September 28, 2023 4:00 pm
September 28, 2023 5:30 pm
Functional Hybird Nanomaterials
Uli Wiesner
Spencer T. Olin Professor of Engineering
Cornell University
This presentation discusses the formation, characterization, and properties of functional nanostructured hybrid materials derived from assembly of polymers and inorganic materials precursors. The emphasis will be on the development of wet chemical methodologies towards controlled nanostructure formation resulting in specific functions. In part, experiments will be compared to theoretical predictions to provide physical insights into formation principles and specific properties.

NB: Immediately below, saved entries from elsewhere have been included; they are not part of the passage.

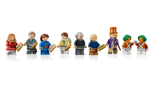 • 9 minifigurek LEGO® – Připomeňte si nezapomenutelné scény s minifigurkami Willyho Wonky, Karlíka Bucketa, dědečka Joea, Augusta Gdoule, Mikyho Telekuka, 2 minifigurek Umpa Lumpů, Veruky Saltini a Fialky Garderóbové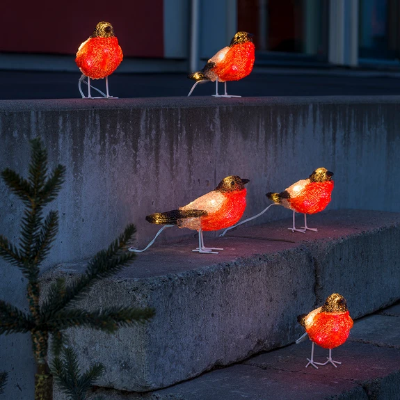 Sada pěti rorýsů - venkovní osvětlené figurky s LED diodami Toto hejno ptáčků vypadá rozkošně a dodá okouzlující vzhled každému venkovnímu prostoru, ať už jde o terasu, balkon, nástěnné projekce nebo podesty. Pět robinsonů je osvětleno bílými LED diodami pro denní světlo a zaručeně upoutají pozornost každého. Přívodní kabel je bílý. Součástí sady pěti kusů je venkovní transformátor.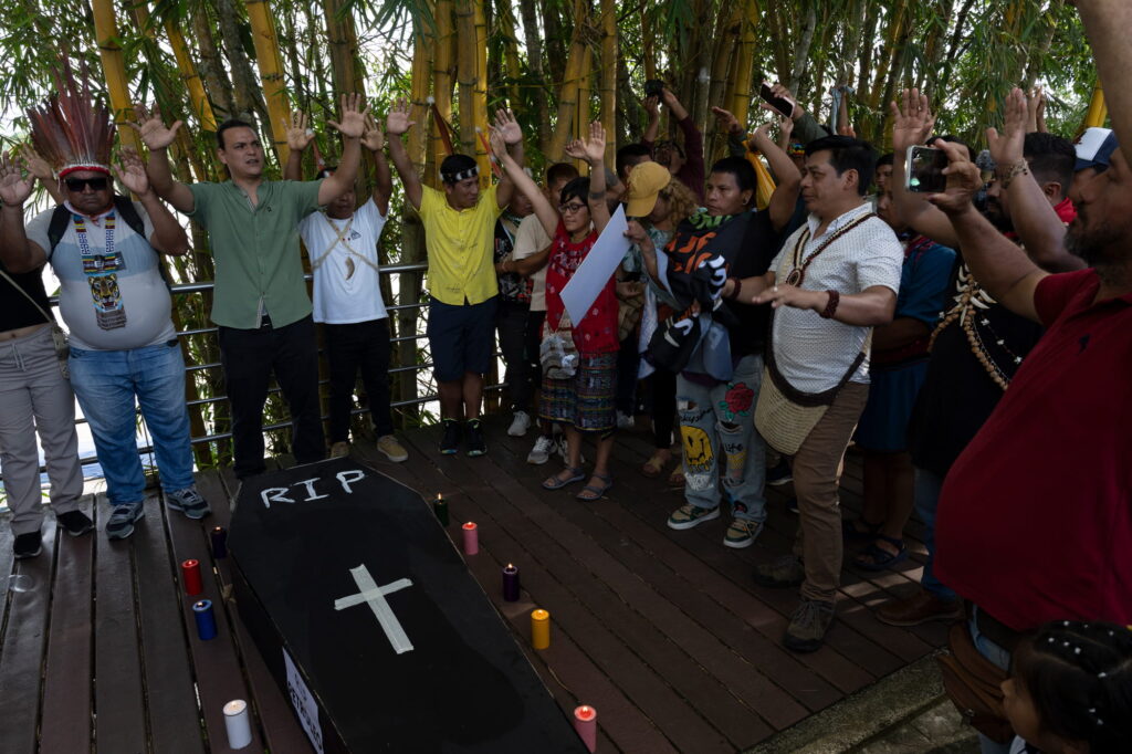 Carregados com as impressões do toxic tour, na manhã seguinte nossa tripulação da Flotilha Yaku Mama participou da Roda de Conversa: “O Fim dos Combustíveis Fósseis” e da ação simbólica “Funeral dos Combustíveis Fósseis”. Na primeira parte desta atividade, ouvimos uma exposição detalhada dos danos ocasionados pela expansão da exploração petrolífera na Amazônia, assim como as palavras de líderes e lideranças de diferentes latitudes da Amazônia equatoriana, peruana, colombiana e brasileira.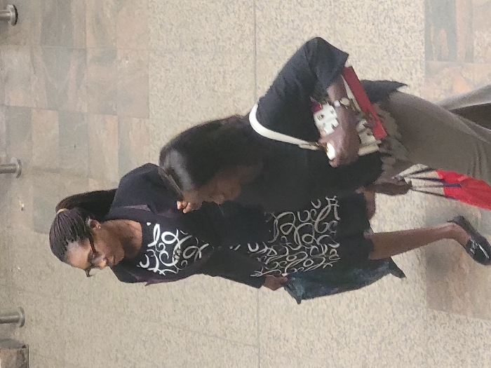Two women stand on a tiled floor. The woman on the left wears glasses, a black shirt with white swirls, and a black jacket. The other woman has long black hair and wears a black jacket with light-colored pants. The woman on the right carries a white purse with a red pattern over her shoulder. Both appear to be looking downward.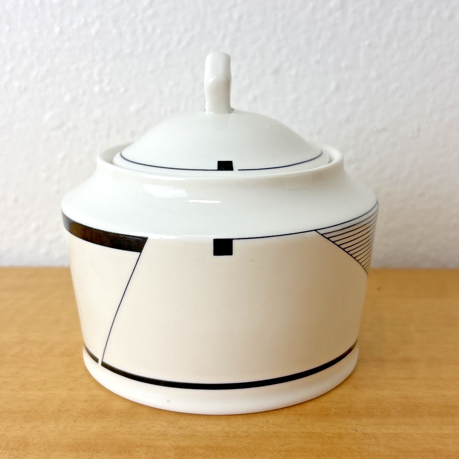 2-Pc Christopher Stuart Black White ANGLES Optima Super Strong Sugar Bowl & Lid
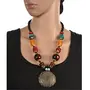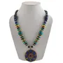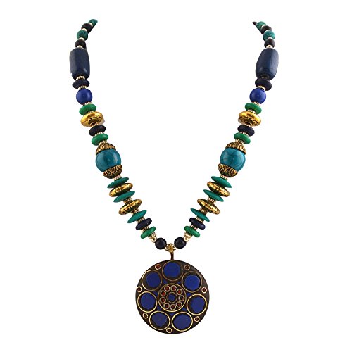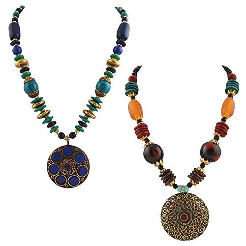 Combo of 2 beautiful Tibetan style beaded necklace. Necklace beautifully handcrafted with a combination of blue red green golden carved beads and dui beads. Round pendant showcases beautiful inlay work in blue green red and gold. Boho style statement fashion necklace for women. Pair with Sarees Kurtis or other ethnic Indo-western as well as casual wear. These Tibetan style fashion necklace will complement your ethnic as well as casual wear. Great for gifting to friends too. Necklace length=23'' Pendant length=2.3'' pendant Width=2.3''; Necklace (with blue pendant)length=20'' Pendant length=2'' Pendant width=2''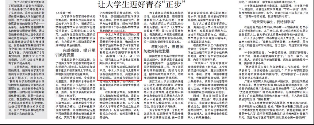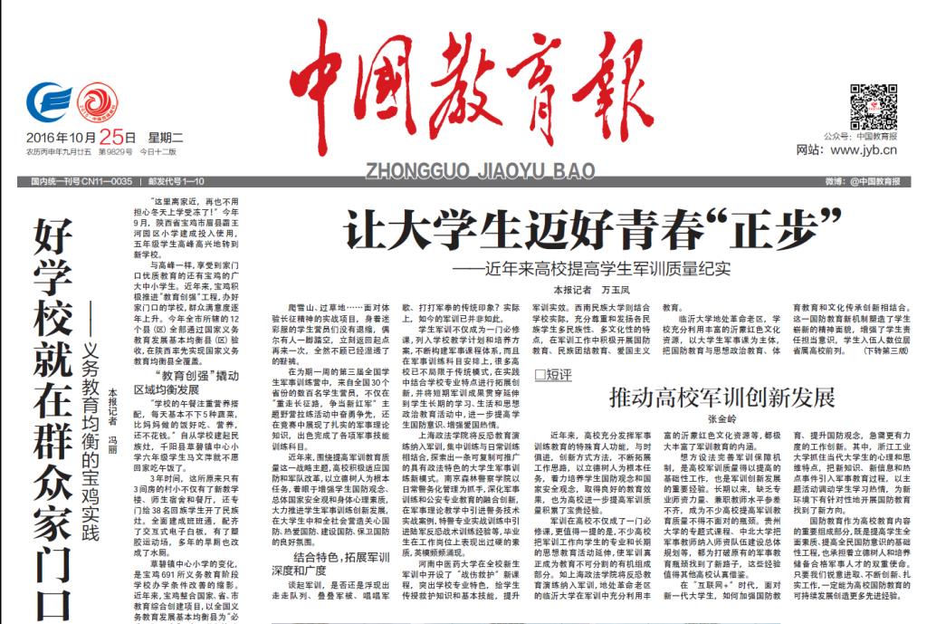 10月25日出版的《中国教育报》刊登了“让大学生迈好青春正步——近年来高校提高学生军训质量纪实”的署名文章,其中对我校充分发挥兵器学科专业优势,加强军事教师队伍建设,以及主动与太原陆军预备役高炮旅合作,共建预备役承训部队等的做法进行了报道。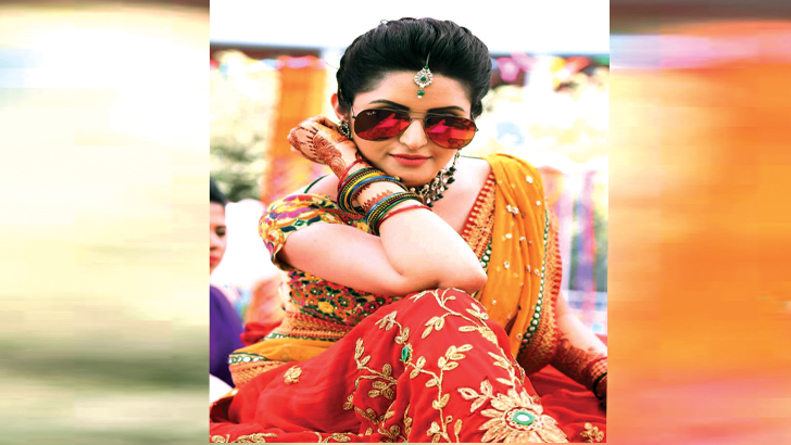 মেহেদি রাঙানো হাত, তাতে আবার রকমারি চুড়ি। মাথায় টিকলি, চোখে রঙিন চশমা। গায়ে জড়ানো হলুদ আর লাল মেশানো রঙের শাড়ি- এ কোনো নতুন পরীমনি?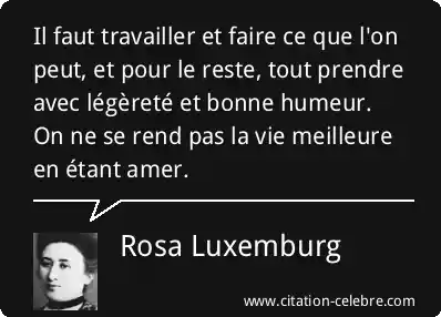 Il faut travailler et faire ce que l'on peut, et pour le reste, tout prendre avec légèreté et bonne humeur. On ne se rend pas la vie meilleure en étant amer.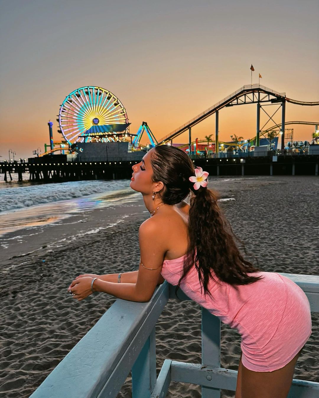 (4 photos)Armée d’un top fluide chocolat, d’un short blanc ultra-mini et d’accessoires dorés plus voyants qu’un panneau publicitaire sur Sunset Boulev...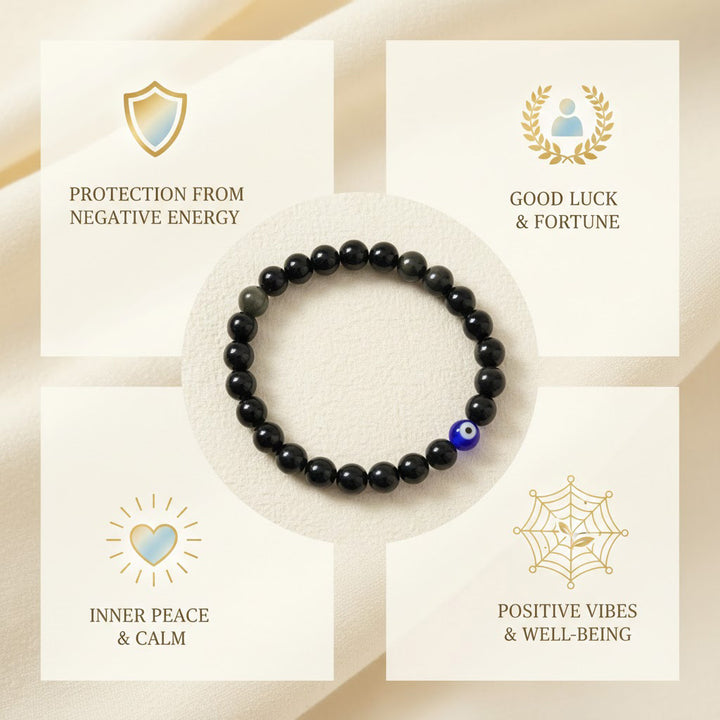 About the Product: The Protection & Love Combo is a powerful spiritual and healing set designed to attract prosperity, love, protection, and devotion. This thoughtfully curated combo includes a Raw Pyrite Bracelet for wealth, a Rose Quartz Bracelet for love and emotional balance, a Black Obsidian Evil Eye Bracelet for protection, and a Hanuman Chalisa Micro-Carved Pendant for divine spiritual support.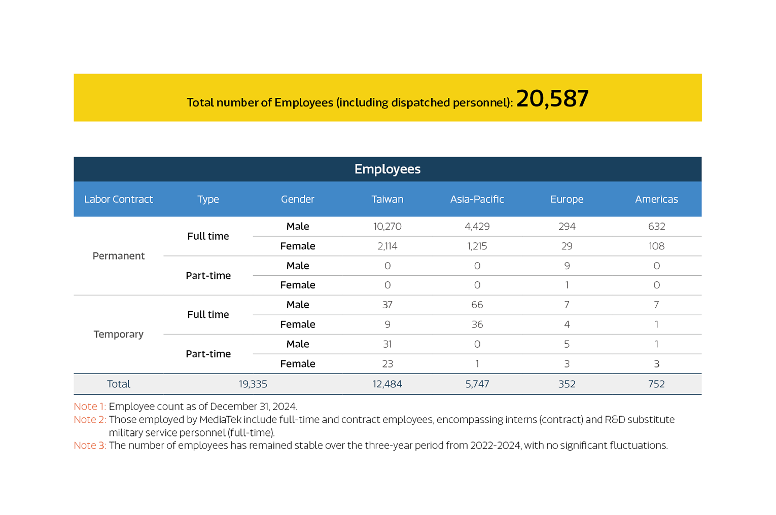 At MediaTek, our core strength lies in R&D, innovation and global operation, and we recognize the significance of talents in driving sustainable growth and innovation. As of the end of 2024, MediaTek had 19,335 employees across 32 business locations worldwide, with overseas employees accounting for approximately 35.4% of the total number. Through interaction and collaboration of our diverse talents, we unleash employees potential, spark their innovation, and enhance the Company's competitiveness. We are committed to creating an inclusive workplace where every employee feels respected and valued, thereby increasing employees job satisfaction and their sense of belonging.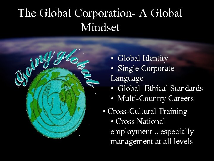 The Global Corporation- A Global Mindset • Global Identity • Single Corporate Language • Global Ethical Standards • Multi-Country Careers • Cross-Cultural Training • Cross National employment. . especially management at all levels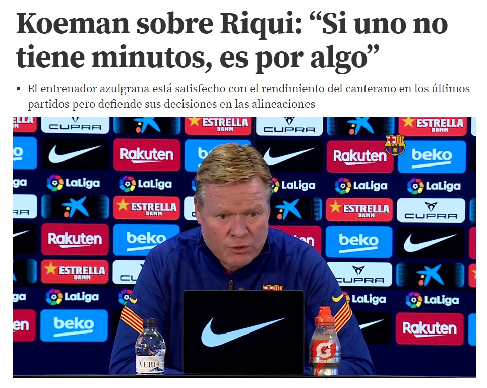 El misteri Riqui Puig continua. Koeman va dir a l'estiu que no era cert que no hi comptés però que no jugaria. Ara diu que està content amb el seu rendiment però que si no juga és per alguna cosa. Estaria bé que per una vegada expliqués aquesta cosa que els demés no veiem. 🔽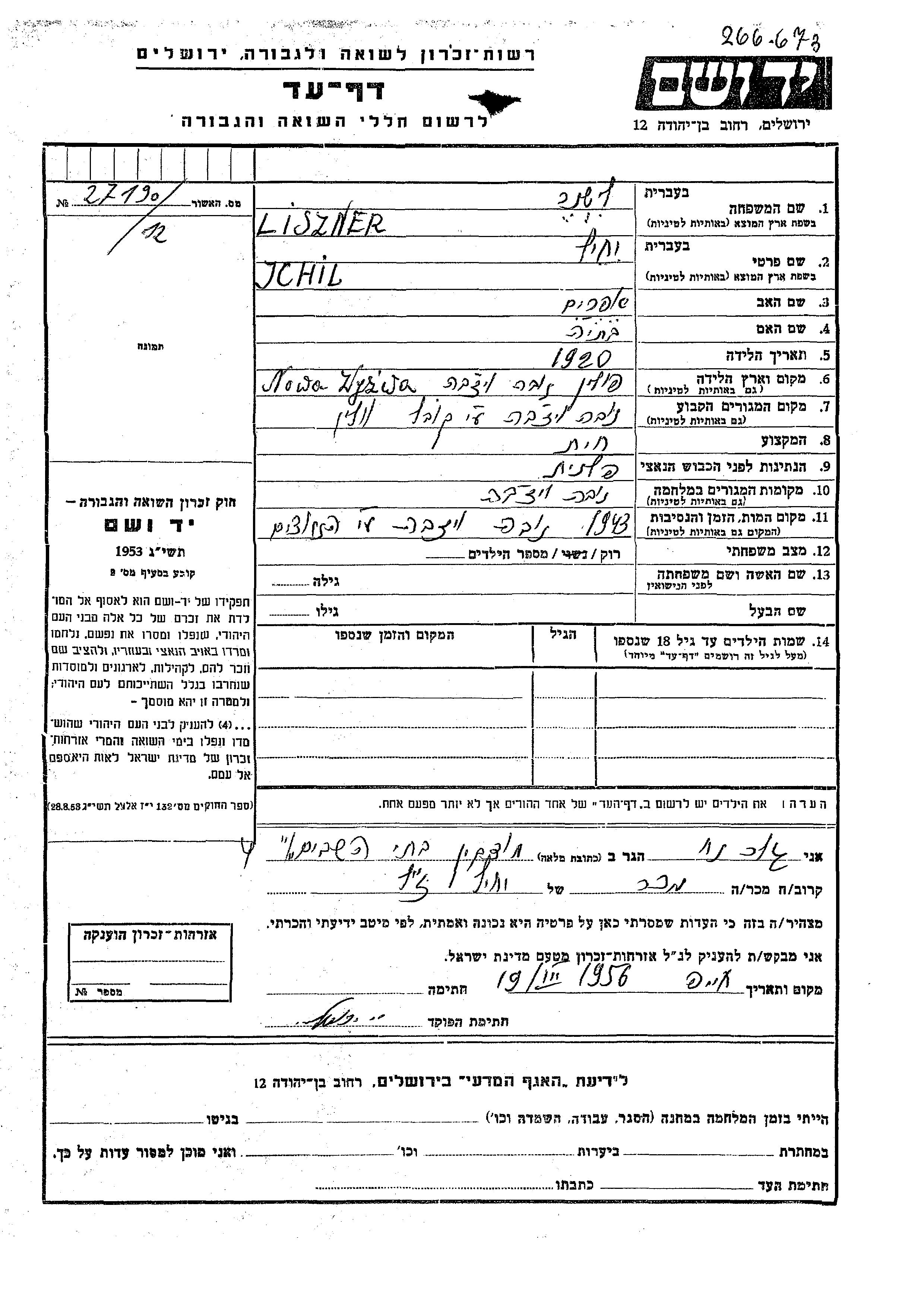 Jchil Liszner nació en Nova Vizhva, Polonia en 1920, hijo de Efraim y Batia. Era Sastre y Soltero. Antes de la segunda guerra mundial vivía en Nova Vizhva, Polonia. Durante la guerra estuvo en Nova Vizhva, Polonia.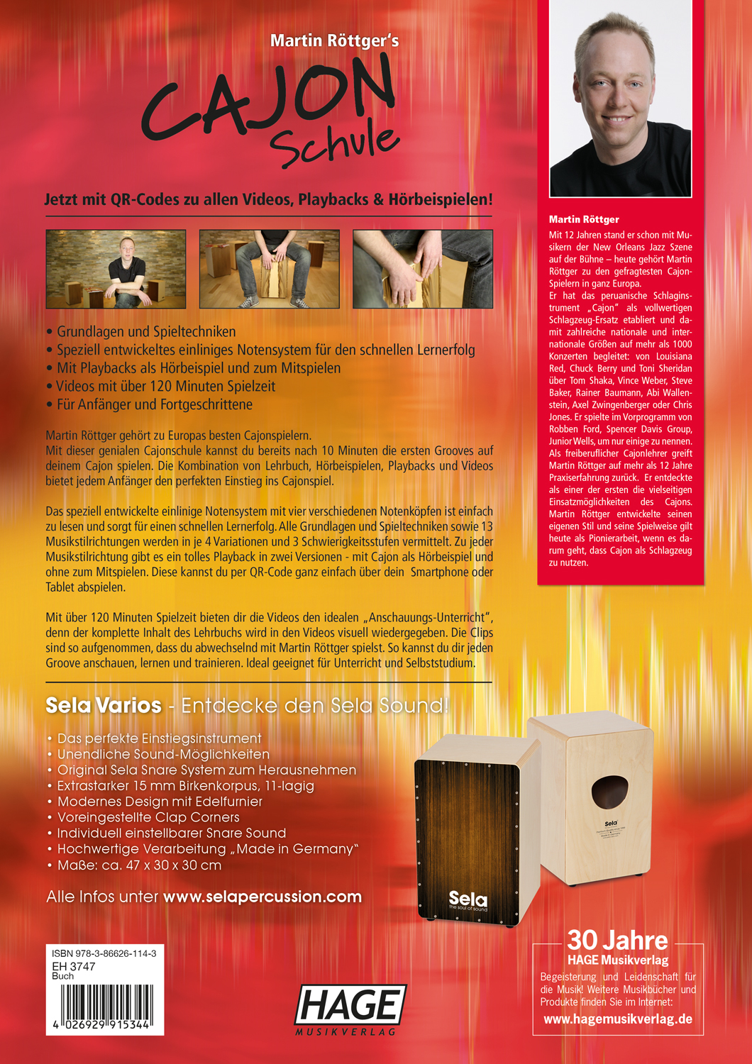 Martin Röttger gehört zu Europas besten Cajonspielern. Mit dieser genialen Cajonschule kannst du bereits nach 10 Minuten die ersten Grooves auf deinem Cajon spielen. Die Kombination von Lehrbuch, Hörbeispielen, Playbacks und Videos bietet jedem Anfänger den perfekten Einstieg ins Cajonspiel.Das speziell entwickelte einlinige Notensystem mit vier verschiedenen Notenköpfen ist einfach zu lesen und sorgt für einen schnellen Lernerfolg. Alle Grundlagen und Spieltechniken sowie 13 Musikstilrichtungen werden in je 4 Variationen und 3 Schwierigkeitsstufen vermittelt. Zu jeder Musikstilrichtung gibt es ein tolles Playback in zwei Versionen - mit Cajon alsHörbeispiel und ohne zum Mitspielen. Diese kannst du per QR-Code ganz einfach über dein Smartphone oder Tablet abspielen.Mit über 120 Minuten Spielzeit bieten dir die Videos den idealen "Anschauungs-Unterricht", denn der komplette Inhalt des Lehrbuchs wird in den Videos visuell wiedergegeben. Die Clips sind so aufgenommen, dass du abwechselnd mit Martin Röttger spielst. So kannst du dir jeden Groove anschauen, lernen und trainieren. Ideal geeignet für Unterricht und Selbststudium.
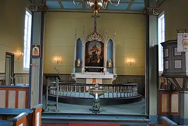 Meland Church (Norwegian: Meland kyrkje) is a parish church of the Church of Norway in Alver Municipality in Vestland county, Norway. It is located in the village of Meland on the island of Holsnøy. It is the church for the Meland parish which is part of the Nordhordland prosti (deanery) in the Diocese of Bjørgvin. The white, wooden church was built in a long church design in 1866 using plans drawn up by the architect Johannes Øvsthus. The church seats about 340 people.[1][2]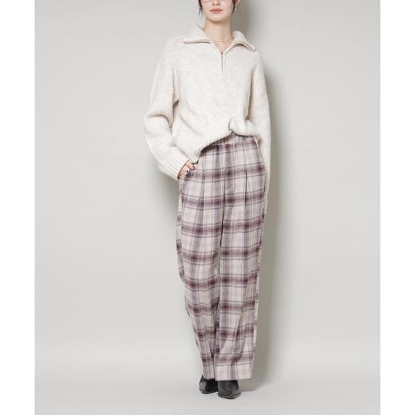 トレンドのオンブレチェック柄がスタイリングのポイントになるロングパンツ。起毛感ある素材が秋冬らしい印象の一着。同素材のブラウスとのセットアップスタイルもおすすめです。

The aim of the described work is to understand the underlying fundamental chemical, thermodynamic and kinetic formation principles as well as nanostructure-property correlations enabling generalization of results over a wide class of nanomaterials systems. The talk will start with the formation, characterization, and properties of a class of ultrasmall fluorescent core-shell silica nanoparticles now referred to as Cornell dots, or simply C dots, for applications in oncology. Discussion will then move to block copolymer self-assembly directed nanomaterials and porous solids. Work will cover structure formation at or close to the thermodynamic equilibrium as well as approaches where systems are systematically driven away from equilibrium. Examples will include block copolymer self-assembly directed gyroidal mesoporous carbons for the realization of three-dimensional (3D) battery architectures, shape control of hierarchical porous all-organic thin films via transient laser heating and their conversion into 3D periodic mesoporous semiconductors, as well as block copolymer self-assembly directed quantum metamaterials, e.g., in the form of gyroidal mesoporous superconductors.